Недуг между тем распространяется. Нам ежедневно сообщают число умерших за день. Никто не знает, ни как этим заражаются, ни как от него лечить. И как говорил Лафонтен в своем «Море зверей»:
Те ж звери, да не те в великих столь бедах:
Не давит волк овец и смирен, как монах;
Мир курам дав, лиса постится в подземелье:
Им и еда на ум нейдет.
С голубкой голубь врознь живет,
Любви в помине больше нет:
А без любви какое уж веселье?[36]
«А без любви какое уж веселье?» В этом карантинном мире я искал тебя, и мало-помалу мне начало казаться, что ты от меня удаляешься, а я удаляюсь от тебя. Как будто, погрузившись в общее горе, больше не можешь пестовать горе свое, личное. Я не мог писать и даже думать о тебе. Я больше не находил тебя, ни в моих снах, ни под моим пером. Ты появлялась лишь мельком и неожиданно, возвращалась наплывами, чтобы терзать мое нутро, пресекать дыхание и жечь слезами глаза.
Вот до чего мы дошли, без любви какое уж веселье. Я один дома и утешаюсь мыслью, что тебе хотя бы не грозит эта пакость.
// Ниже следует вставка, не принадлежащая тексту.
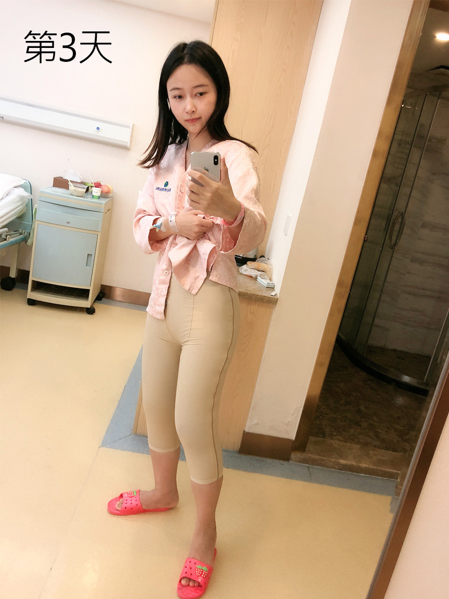术后第7天:穿着塑身衣有点不习惯,但是大腿慢慢消肿了,离纤细美腿越来越近了。

Да, но, с другой стороны, было бы хорошо закрыться на карантин вдвоем, вместе, ты и я друг в друге. Нет, нет, тревога, тревога, что ты заболеешь, тотчас охватила бы меня, как тебя охватила бы тревога, что заболею я.
Теперь ты вправе спросить меня, что значит это проклятие. У меня есть одна идейка, но я не выскажу ее по телевизору, не распространю в прессе или через другие средства коммуникации, которых у меня, впрочем, и нет. Я, видишь ли, думаю, что это первое предупреждение, которое хозяин планеты, кто бы он ни был, есть он или нет, посылает своим пофигистам-жильцам. Жильцам, которые сами возомнили себя хозяевами и живут на планете как у себя дома, то есть как свиньи, скажем лучше, как неряхи, чтобы не обижать братьев наших меньших. Эти жильцы истощают земли, вырубают деревья, убивают животных, уничтожают леса и поля, в общем, все больше разоряют планету, обжитую некогда Адамом и Евой и ставшую сегодня приютом для девяти миллиардов человек, каждый из которых может подцепить и потом распространять корону. Хозяин имеет все права, он может выставить нас за дверь, послать куда подальше, на Марс или Венеру. Странно, кстати, просто невероятно, что мы вот-вот полетим на Марс и не можем найти лекарства, чтобы остановить и прекратить эту пакость. Ну да ладно, мало-помалу я привык, снова вошел во вкус и нашел тебя, в прошлом и в настоящем, на белом листе памяти.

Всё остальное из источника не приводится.